I was starting to feel a surge of anger. Was Leonard Venn such a calculating liberal that he had adjusted his invite list to the latest demographic findings? Was it to be wondered at that he didn't remember my name if I was just a statistic to register in the cause of political correctness. I looked across the room at an attractive sister. Her name was Ophelia Katz and I frequently ran into her at cell and sector meetings of the CNP. Why hadn't I struck up a conversation with her? She was certainly attractive, her breasts elongated in that pleasant and serviceable way characteristic of women who have never used, or have long eschewed, artificial support. Indeed, why hadn't I struck up a conversation with her...instead of being a sitting duck for people who had less excuse for feathers than ducks did? Perhaps the devious machinations of Mr. Venn and his ilk weren't entirely to blame. Perhaps nudes, as they became more prominent and threatening to the mainstream, were themselves succumbing to nervous self-hatred. Looking over the room, I could see that the nudes were mostly isolated, either peering with feigned curiosity at Venn's collection of monoliths, or trying to avoid the appearance of bunching up by mixing dutifully with the skin-concealers.
"You're either farther out into space than Venn's factories or there's something else in what your holding than syntho-haul."
I was glad that Alice brought me out of my funk. "Sorry. I'm being impolite."
"You don't like me because I go textile? It's political?"
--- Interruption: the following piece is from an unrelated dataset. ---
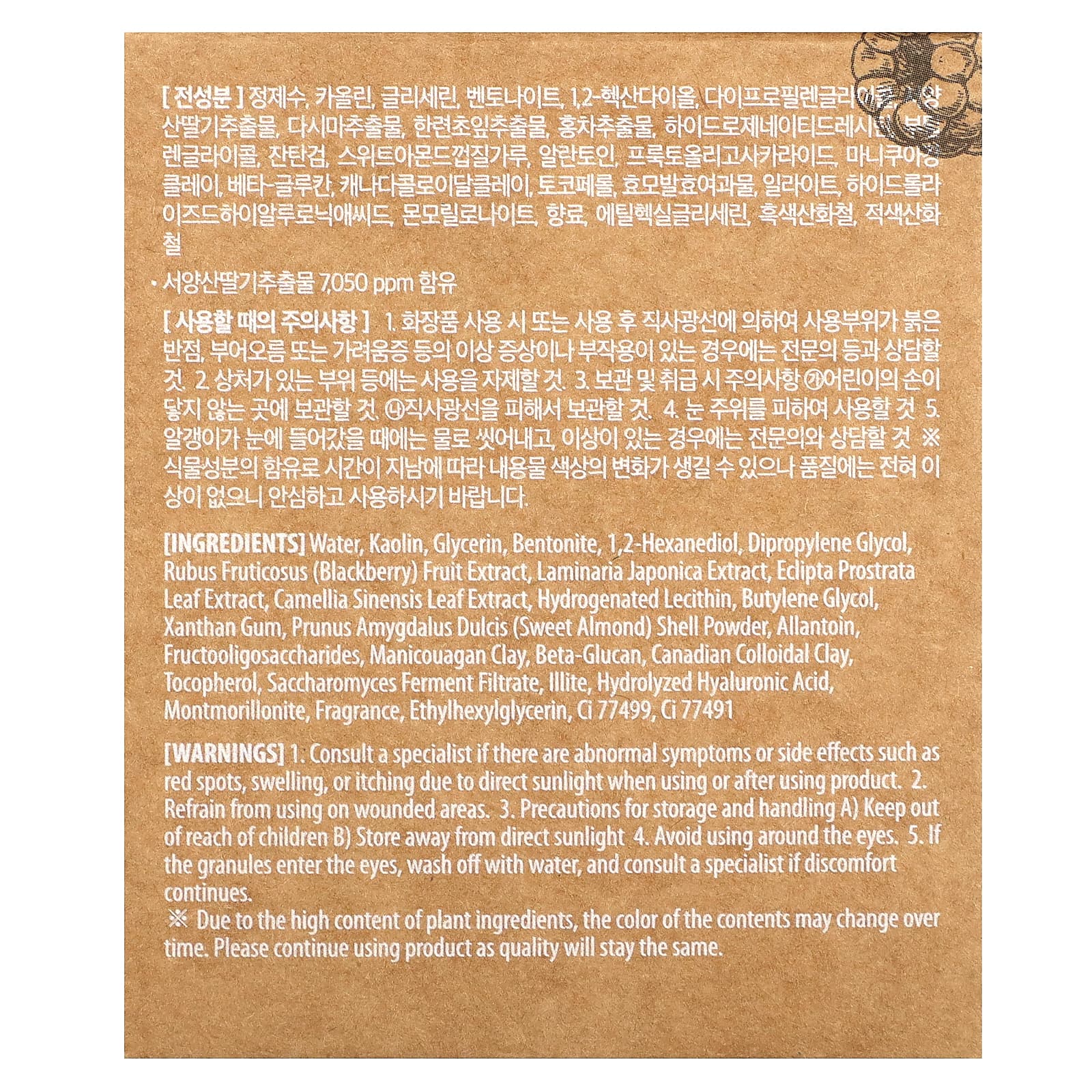 Água, caulim, glicerina, bentonita, 1,2-hexanediol, dimetildietilenoglicol, extrato da fruta de Rubus fruticosus (amora), extrato de Laminaria japonica, extrato da folha de Eclipta prostrata, extrato da folha de Camellia sinensis, hydrogenated lecithin, butilenoglicol, goma xantana, pó da casca de Prunus amygdalus dulcis (amêndoa doce), alantoína, fruto-oligossacarídeos, argila manicuagã, betaglucano, argila coloidal canadense, tocoferol, filtrado de fermento de Saccharomyces, illite, ácido hialurônico hidrolisado, montmorillonite, fragrância, ethylhexylglycerin, CI 77499, ci 77491.

"No, of course not." I lied.
"Really?" This one was sharp. Evidently draping rotting weaves and animal skins on your body didn't ensure a low IQ.
"Well...to be candid. Venn sort of irritates me. Don't you think its kind of patronizing the way he just throws people together at these mixers? I mean...it must be just as embarrassing to you as to me."
So paused just long enough for me to notice how wide and bright her eyes were. There's something about a woman's face which can betray innocence. Except in the darkest chapters of human history women have always been allowed to keep their faces nude. I tried to think about Alice as she was from the neck up. After a while she confessed. "If you mean by embarrassed...that I think talking with a man who doesn't have any clothes is....I don't know....what they used to call 'obscene'? Well, even I'm not quite that conservative. How could I be? Nudes are all over the place today...you'd have to wear blinkers not to notice them. But if you mean we've been set up. Yeah, Leonard is kind of manipulative. He knows that the whole nude against textile thing is the upcoming red button issue in this country...so perhaps he's trying to set off some fireworks in the interests of notoriety...as if he doesn't have enough of that already."
"You mean he wants us to get into a fight?"
She laughed, it was a clean laugh...in fact, if a laugh could be called naked, that was just what it was. "No silly!"